Baculovirus transduction of mouse intestinal epithelial cells in vivo. One week after the third immunization, intestinal tissue samples were embedded in paraffin and sectioned. Immunohistochemical staining was carried out using a guinea pig anti-HA antibody and rabbit anti-guinea pig FITC. Intestinal villi of mice orally vaccinated with live baculovirus (A), inactivated baculovirus (B), and PBS (C) are shown.

FIG. 7.

Protection of mice from lethal H5N1 virus challenge. Groups of mice (n = 6) were orally vaccinated three times on days 0, 7, and 21 with 200 μl containing inactivated or live recombinant baculovirus at a log₂ HA titer of 8, adjuvanted with or without 10 μg rCTB. Wild-type baculovirus at a dose equivalent to BacHA (based on the viral titers determined by plaque assay) served as a negative control. (A and B) Three weeks after the final vaccination, mice were intranasally infected with 5 MLD₅₀ of homologous (CDC/669/Indonesia/06 clade 2.1) (A) and heterologous (Vietnam/1203/2004 clade 1.0) (B) HPAI H5N1 virus strains.
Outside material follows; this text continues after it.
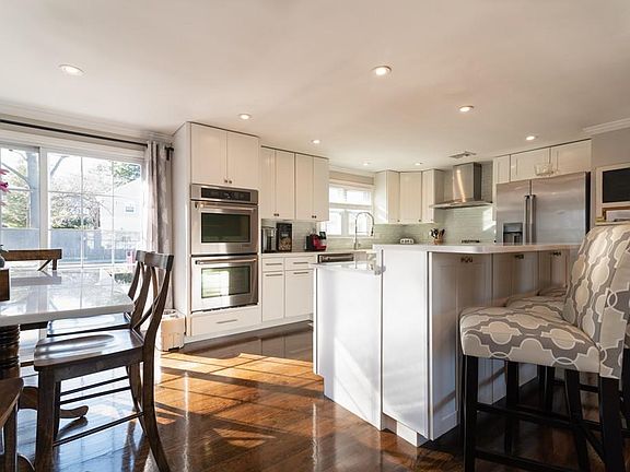 Welcome Home to this oversized split level located at Colonial Park neighborhood one of the most desirable neighborhoods in Stoneham! Its very rare for a home to become available in this area! The whole house has been completely updated! This home has hardwood floors throughout. Kitchen boasts an open floor plan with Jennair SS appliances, double oven, cooktop, dishwasher, refrigerator. New cabinets, crown molding, an island, eat in kitchen. Open to living room with fireplace, gorgeous bay window. Master bedroom with ample closet space and full bathroom. Bedroom 2 hardwood floors, Bedroom 3 currently being used as an office. Lower level family room w/ fireplace and a separate laundry room. This home is great for entertaining in the heated inground pool with newer liner, pump. Two large decks to eat or lounge at. The outdoor gazebo houses a jacuzzi. Fenced in garden area! Property has a newer roof with solar panels, windows. Two car garage. OH fr 4-6 Sat 1-3 appt only

Mice were monitored for survival throughout a 14-day observation period. The results are expressed in terms of percent survival. (C) The group of mice challenged with Vietnam/1203/2004 clade 1.0 was also monitored for weight loss throughout a 14-day observation period. The results are expressed as percent body weight (at the beginning of the trial).

FIG. 8.

Photomicrographs of hematoxylin- and eosin-stained lung sections of mice challenged with clade 2.1 H5N1 virus at 6 days postchallenge. (A) Mice vaccinated with live BacHA; (B) mice vaccinated with inactivated BacHA; (C) unvaccinated mice challenged with virus; (D) normal morphology seen in uninfected mice.